Description of the task
Look through the listing below for the word "with" and copy every line where it occurs.

Dataset entries
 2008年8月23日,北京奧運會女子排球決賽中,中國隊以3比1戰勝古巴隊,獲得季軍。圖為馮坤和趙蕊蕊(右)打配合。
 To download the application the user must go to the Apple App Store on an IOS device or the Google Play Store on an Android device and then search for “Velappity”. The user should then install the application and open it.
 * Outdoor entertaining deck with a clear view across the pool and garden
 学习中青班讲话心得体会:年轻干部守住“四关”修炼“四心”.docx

* * *

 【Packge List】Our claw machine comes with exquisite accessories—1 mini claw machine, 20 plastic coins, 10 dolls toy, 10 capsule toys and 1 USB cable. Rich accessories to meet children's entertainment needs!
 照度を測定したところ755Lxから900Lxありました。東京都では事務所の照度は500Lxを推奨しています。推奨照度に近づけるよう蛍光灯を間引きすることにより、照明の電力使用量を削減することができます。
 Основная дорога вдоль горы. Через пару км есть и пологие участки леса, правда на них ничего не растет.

Response area
 * Outdoor entertaining deck with a clear view across the pool and garden
 【Packge List】Our claw machine comes with exquisite accessories—1 mini claw machine, 20 plastic coins, 10 dolls toy, 10 capsule toys and 1 USB cable. Rich accessories to meet children's entertainment needs!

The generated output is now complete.